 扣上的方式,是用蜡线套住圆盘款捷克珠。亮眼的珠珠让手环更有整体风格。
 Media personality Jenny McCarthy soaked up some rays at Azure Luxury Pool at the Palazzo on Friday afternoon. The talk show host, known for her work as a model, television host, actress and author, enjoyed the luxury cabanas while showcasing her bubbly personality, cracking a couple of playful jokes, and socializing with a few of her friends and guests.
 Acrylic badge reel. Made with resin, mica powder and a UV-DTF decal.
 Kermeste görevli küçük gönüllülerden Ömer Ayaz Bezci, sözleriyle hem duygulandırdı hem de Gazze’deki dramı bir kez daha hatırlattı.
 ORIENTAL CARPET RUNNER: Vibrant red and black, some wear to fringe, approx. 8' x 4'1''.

--

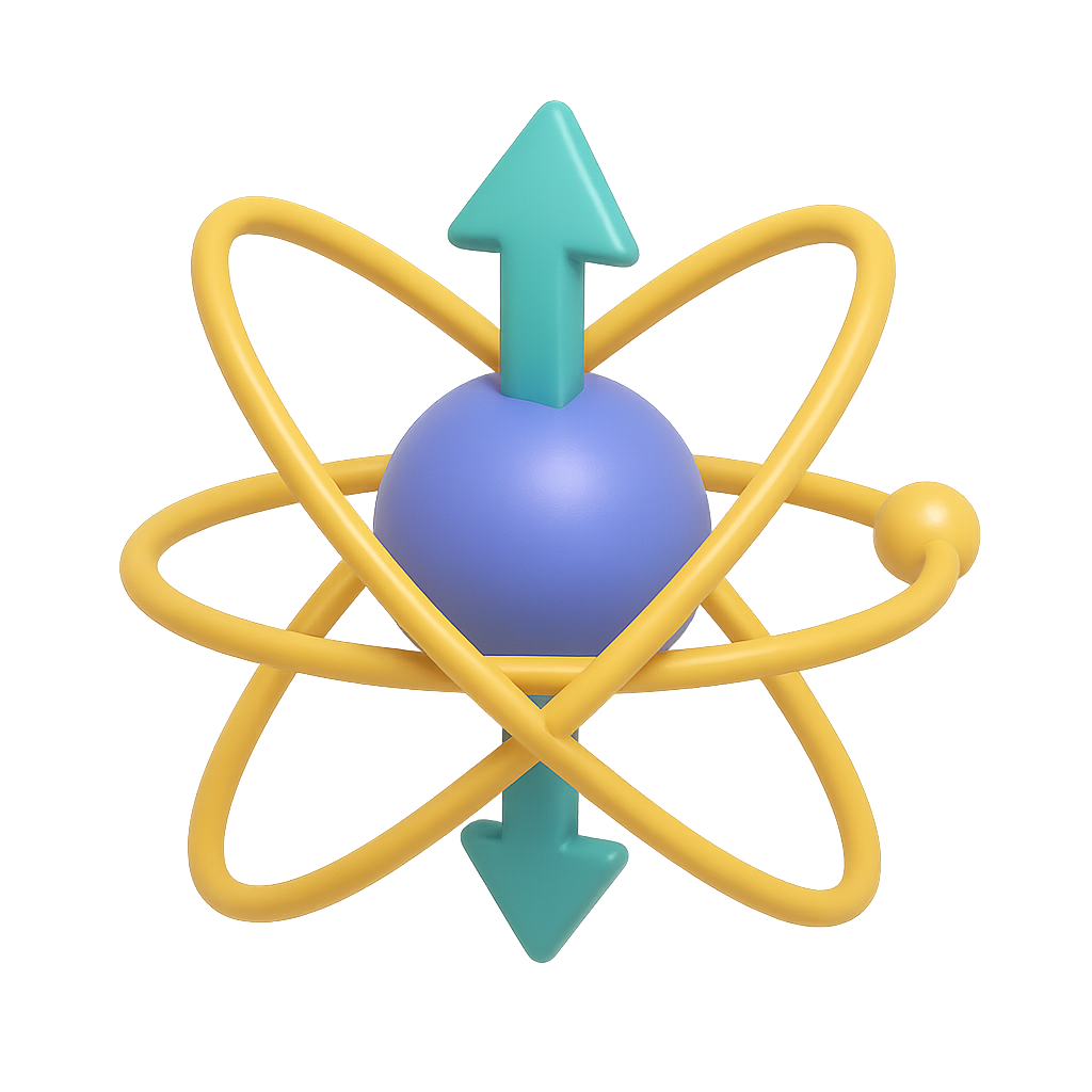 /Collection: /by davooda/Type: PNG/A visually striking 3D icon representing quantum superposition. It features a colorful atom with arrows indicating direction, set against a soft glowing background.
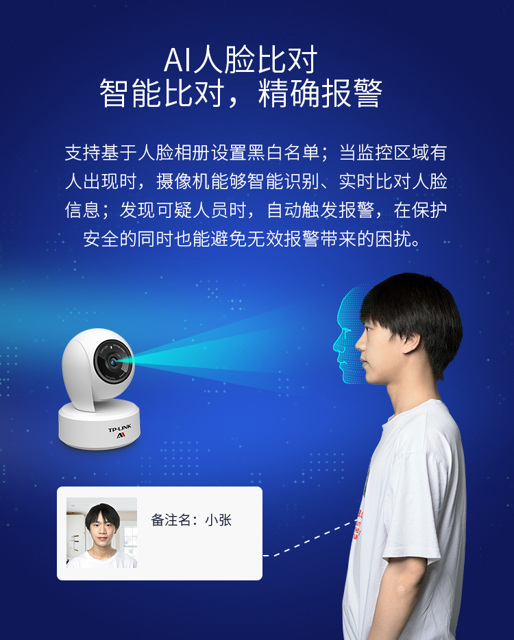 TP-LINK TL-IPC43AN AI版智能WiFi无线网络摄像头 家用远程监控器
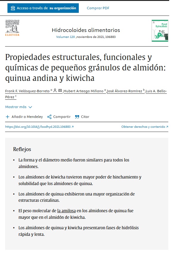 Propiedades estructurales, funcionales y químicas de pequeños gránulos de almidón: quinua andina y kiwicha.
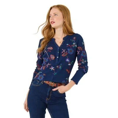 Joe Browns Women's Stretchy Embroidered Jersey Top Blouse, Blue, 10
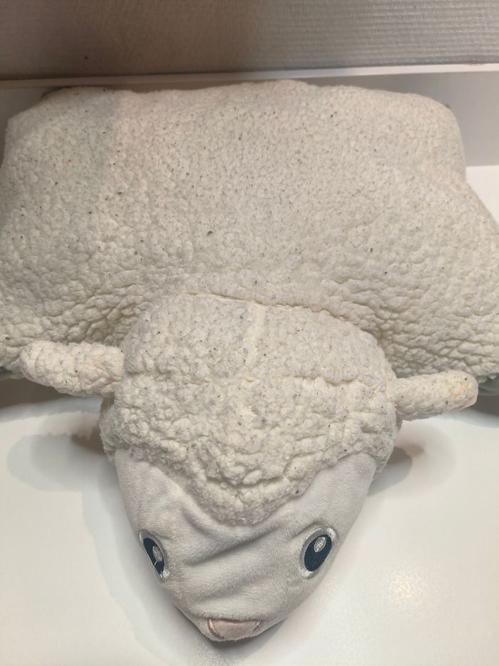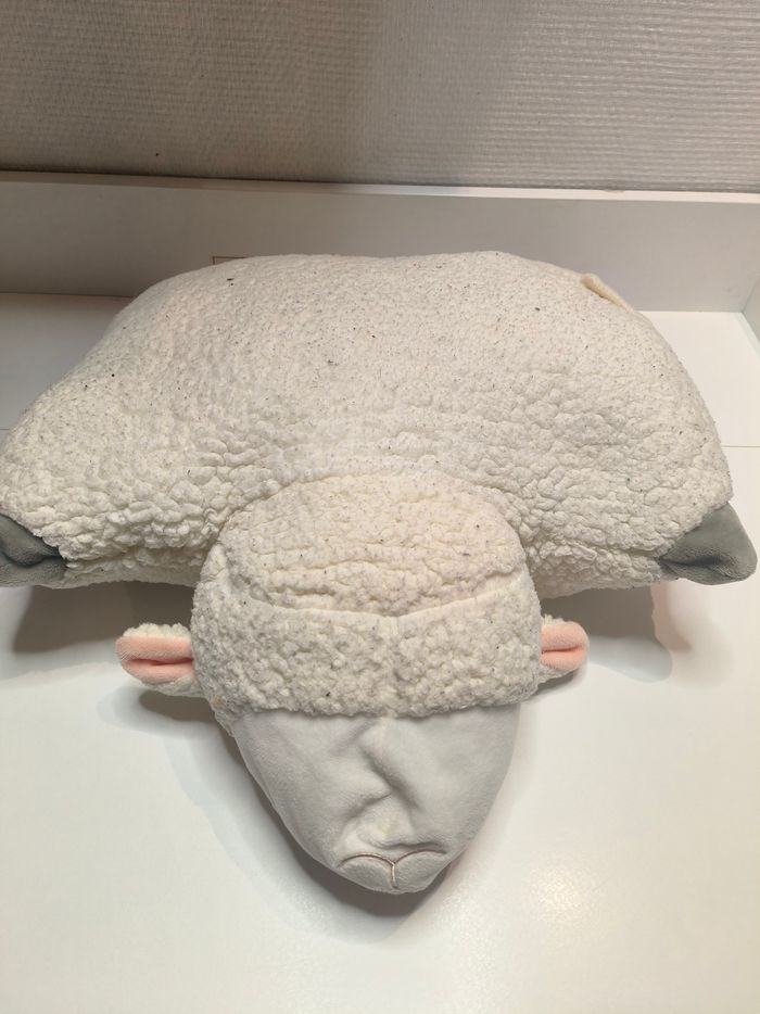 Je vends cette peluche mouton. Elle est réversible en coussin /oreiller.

--

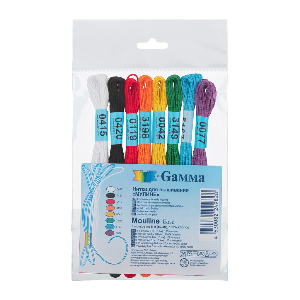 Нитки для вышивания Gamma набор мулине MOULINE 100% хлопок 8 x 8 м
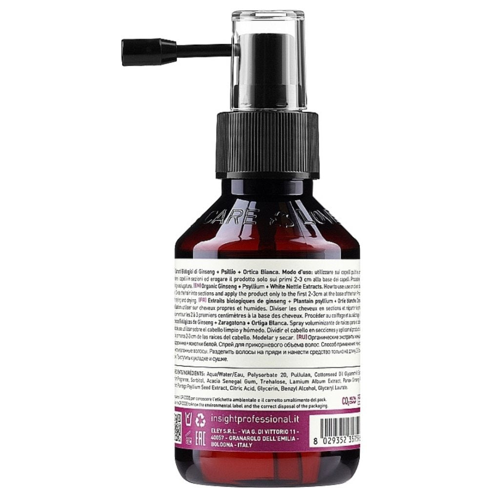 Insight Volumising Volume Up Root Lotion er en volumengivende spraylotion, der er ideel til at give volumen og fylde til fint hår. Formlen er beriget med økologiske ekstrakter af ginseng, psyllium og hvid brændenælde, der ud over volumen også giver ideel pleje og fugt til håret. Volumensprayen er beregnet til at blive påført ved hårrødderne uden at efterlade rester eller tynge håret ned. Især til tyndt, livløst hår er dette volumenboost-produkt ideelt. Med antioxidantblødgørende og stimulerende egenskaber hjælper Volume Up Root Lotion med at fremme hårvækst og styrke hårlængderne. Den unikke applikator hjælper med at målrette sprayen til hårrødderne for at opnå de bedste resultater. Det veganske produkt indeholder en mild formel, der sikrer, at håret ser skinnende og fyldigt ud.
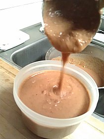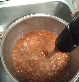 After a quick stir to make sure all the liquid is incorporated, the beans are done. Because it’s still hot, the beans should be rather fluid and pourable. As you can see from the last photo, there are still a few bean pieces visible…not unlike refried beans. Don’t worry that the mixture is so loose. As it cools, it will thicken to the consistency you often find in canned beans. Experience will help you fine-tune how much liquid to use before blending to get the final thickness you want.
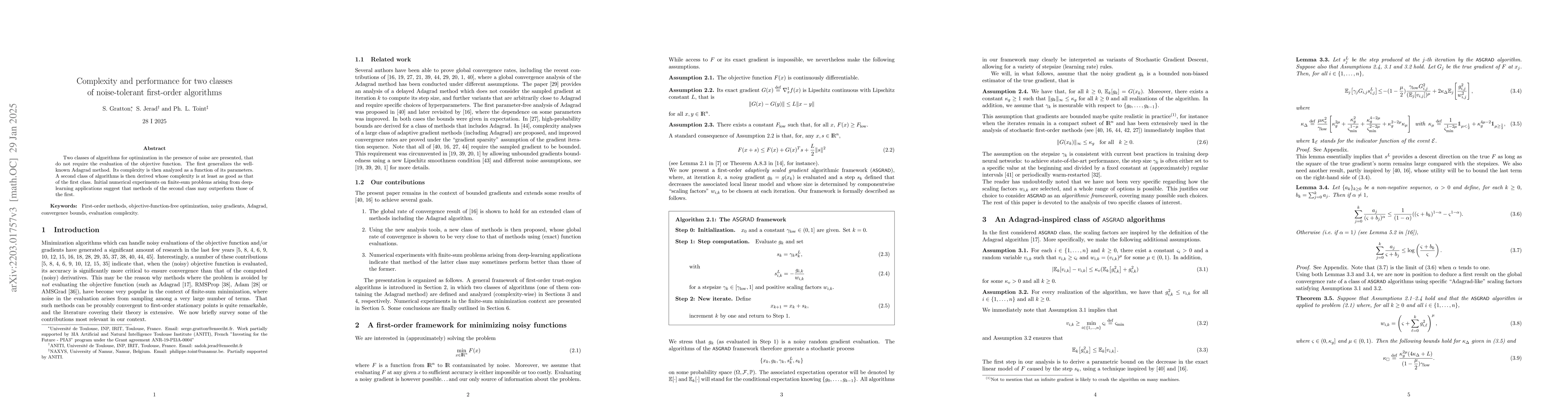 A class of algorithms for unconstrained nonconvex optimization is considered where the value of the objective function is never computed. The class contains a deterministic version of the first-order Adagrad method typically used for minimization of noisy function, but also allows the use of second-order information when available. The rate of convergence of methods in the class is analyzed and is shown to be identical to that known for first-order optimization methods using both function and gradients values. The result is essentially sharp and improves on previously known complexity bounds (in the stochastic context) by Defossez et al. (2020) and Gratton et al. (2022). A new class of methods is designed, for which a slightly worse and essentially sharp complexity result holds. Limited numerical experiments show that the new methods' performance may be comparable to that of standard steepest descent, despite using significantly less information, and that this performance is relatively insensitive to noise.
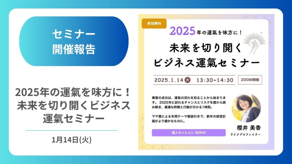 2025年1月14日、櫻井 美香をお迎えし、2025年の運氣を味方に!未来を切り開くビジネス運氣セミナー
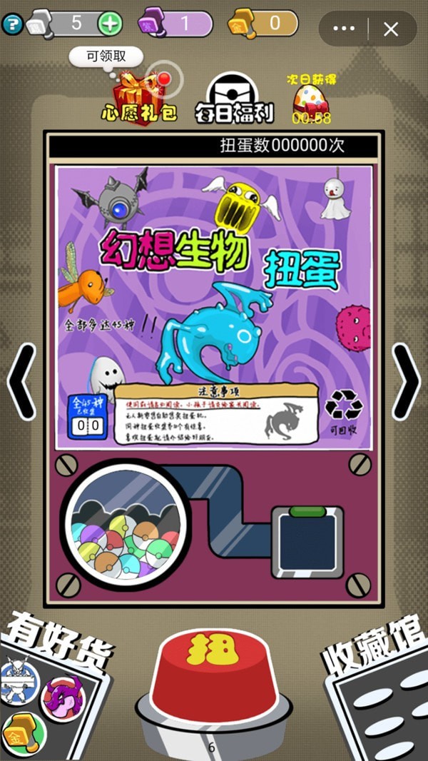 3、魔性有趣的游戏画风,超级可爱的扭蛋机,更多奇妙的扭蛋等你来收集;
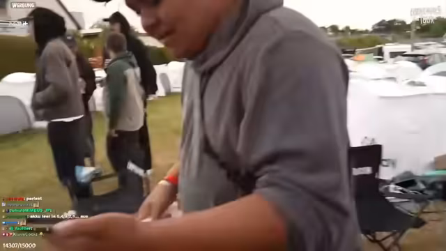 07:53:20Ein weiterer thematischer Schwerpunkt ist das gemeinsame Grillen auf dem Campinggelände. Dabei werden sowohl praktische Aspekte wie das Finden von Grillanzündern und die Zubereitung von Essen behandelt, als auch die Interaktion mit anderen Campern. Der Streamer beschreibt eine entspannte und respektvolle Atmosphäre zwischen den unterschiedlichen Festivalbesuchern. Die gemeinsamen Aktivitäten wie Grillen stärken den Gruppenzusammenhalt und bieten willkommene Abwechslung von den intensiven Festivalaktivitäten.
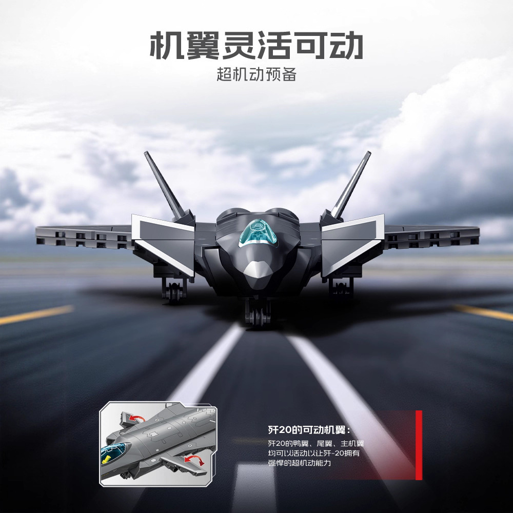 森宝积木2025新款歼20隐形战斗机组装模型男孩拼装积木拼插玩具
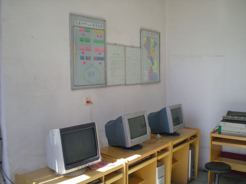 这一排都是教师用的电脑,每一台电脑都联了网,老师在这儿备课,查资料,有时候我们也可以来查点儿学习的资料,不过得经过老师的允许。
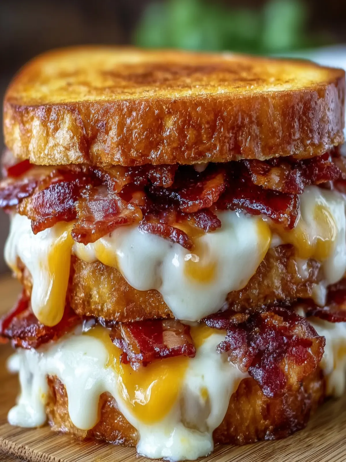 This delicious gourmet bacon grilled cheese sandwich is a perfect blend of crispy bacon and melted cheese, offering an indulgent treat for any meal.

--

◆ WHAT THE TASK REQUIRES
The response must hold only the lines above from the line with "扣上的方式,是用蜡线套住圆盘款捷克珠。亮眼的珠珠让手环更有整体风格。" through the line with "ORIENTAL CARPET RUNNER: Vibrant", each copied exactly, both ends kept.

◆ OUTPUT
 扣上的方式,是用蜡线套住圆盘款捷克珠。亮眼的珠珠让手环更有整体风格。
 Media personality Jenny McCarthy soaked up some rays at Azure Luxury Pool at the Palazzo on Friday afternoon. The talk show host, known for her work as a model, television host, actress and author, enjoyed the luxury cabanas while showcasing her bubbly personality, cracking a couple of playful jokes, and socializing with a few of her friends and guests.
 Acrylic badge reel. Made with resin, mica powder and a UV-DTF decal.
 Kermeste görevli küçük gönüllülerden Ömer Ayaz Bezci, sözleriyle hem duygulandırdı hem de Gazze’deki dramı bir kez daha hatırlattı.
 ORIENTAL CARPET RUNNER: Vibrant red and black, some wear to fringe, approx. 8' x 4'1''.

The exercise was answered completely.